◆ WHAT IS NEEDED ◆
Copy the data that follows, exactly and completely.

[Stored entries]

○ ○ ○

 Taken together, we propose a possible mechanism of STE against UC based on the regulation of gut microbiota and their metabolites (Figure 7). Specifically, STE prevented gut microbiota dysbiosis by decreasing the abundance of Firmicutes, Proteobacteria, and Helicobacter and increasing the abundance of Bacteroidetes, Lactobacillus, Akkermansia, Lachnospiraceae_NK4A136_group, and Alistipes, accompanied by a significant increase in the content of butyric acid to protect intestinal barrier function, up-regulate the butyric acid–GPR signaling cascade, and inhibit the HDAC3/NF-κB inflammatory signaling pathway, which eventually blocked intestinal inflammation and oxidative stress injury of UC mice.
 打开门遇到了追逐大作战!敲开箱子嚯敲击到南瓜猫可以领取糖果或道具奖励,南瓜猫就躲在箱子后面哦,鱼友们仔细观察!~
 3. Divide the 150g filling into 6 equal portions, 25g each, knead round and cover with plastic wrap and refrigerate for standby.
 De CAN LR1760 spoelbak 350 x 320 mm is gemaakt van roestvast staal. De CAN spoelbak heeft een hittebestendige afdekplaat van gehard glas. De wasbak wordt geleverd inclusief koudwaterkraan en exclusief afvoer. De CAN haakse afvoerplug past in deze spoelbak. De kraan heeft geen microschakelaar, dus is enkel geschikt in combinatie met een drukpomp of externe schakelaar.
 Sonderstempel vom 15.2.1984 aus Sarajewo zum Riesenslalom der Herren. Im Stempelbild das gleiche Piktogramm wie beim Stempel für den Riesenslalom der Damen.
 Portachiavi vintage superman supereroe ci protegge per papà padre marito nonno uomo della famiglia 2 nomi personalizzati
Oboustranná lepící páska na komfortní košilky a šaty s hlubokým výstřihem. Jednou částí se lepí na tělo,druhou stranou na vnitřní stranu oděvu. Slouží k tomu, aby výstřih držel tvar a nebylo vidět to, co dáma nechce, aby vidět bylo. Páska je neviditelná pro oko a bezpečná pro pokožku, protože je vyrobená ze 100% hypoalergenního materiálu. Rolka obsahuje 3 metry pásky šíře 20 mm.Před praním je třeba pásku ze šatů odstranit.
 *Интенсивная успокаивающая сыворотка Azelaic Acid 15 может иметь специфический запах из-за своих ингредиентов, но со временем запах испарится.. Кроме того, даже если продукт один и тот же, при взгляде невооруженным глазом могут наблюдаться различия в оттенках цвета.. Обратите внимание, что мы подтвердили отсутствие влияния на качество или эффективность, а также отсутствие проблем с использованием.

○ ○ ○

◆ THE COMPLETED TASK ◆
 Taken together, we propose a possible mechanism of STE against UC based on the regulation of gut microbiota and their metabolites (Figure 7). Specifically, STE prevented gut microbiota dysbiosis by decreasing the abundance of Firmicutes, Proteobacteria, and Helicobacter and increasing the abundance of Bacteroidetes, Lactobacillus, Akkermansia, Lachnospiraceae_NK4A136_group, and Alistipes, accompanied by a significant increase in the content of butyric acid to protect intestinal barrier function, up-regulate the butyric acid–GPR signaling cascade, and inhibit the HDAC3/NF-κB inflammatory signaling pathway, which eventually blocked intestinal inflammation and oxidative stress injury of UC mice.
 打开门遇到了追逐大作战!敲开箱子嚯敲击到南瓜猫可以领取糖果或道具奖励,南瓜猫就躲在箱子后面哦,鱼友们仔细观察!~
 3. Divide the 150g filling into 6 equal portions, 25g each, knead round and cover with plastic wrap and refrigerate for standby.
 De CAN LR1760 spoelbak 350 x 320 mm is gemaakt van roestvast staal. De CAN spoelbak heeft een hittebestendige afdekplaat van gehard glas. De wasbak wordt geleverd inclusief koudwaterkraan en exclusief afvoer. De CAN haakse afvoerplug past in deze spoelbak. De kraan heeft geen microschakelaar, dus is enkel geschikt in combinatie met een drukpomp of externe schakelaar.
 Sonderstempel vom 15.2.1984 aus Sarajewo zum Riesenslalom der Herren. Im Stempelbild das gleiche Piktogramm wie beim Stempel für den Riesenslalom der Damen.
 Portachiavi vintage superman supereroe ci protegge per papà padre marito nonno uomo della famiglia 2 nomi personalizzati
Oboustranná lepící páska na komfortní košilky a šaty s hlubokým výstřihem. Jednou částí se lepí na tělo,druhou stranou na vnitřní stranu oděvu. Slouží k tomu, aby výstřih držel tvar a nebylo vidět to, co dáma nechce, aby vidět bylo. Páska je neviditelná pro oko a bezpečná pro pokožku, protože je vyrobená ze 100% hypoalergenního materiálu. Rolka obsahuje 3 metry pásky šíře 20 mm.Před praním je třeba pásku ze šatů odstranit.
 *Интенсивная успокаивающая сыворотка Azelaic Acid 15 может иметь специфический запах из-за своих ингредиентов, но со временем запах испарится.. Кроме того, даже если продукт один и тот же, при взгляде невооруженным глазом могут наблюдаться различия в оттенках цвета.. Обратите внимание, что мы подтвердили отсутствие влияния на качество или эффективность, а также отсутствие проблем с использованием.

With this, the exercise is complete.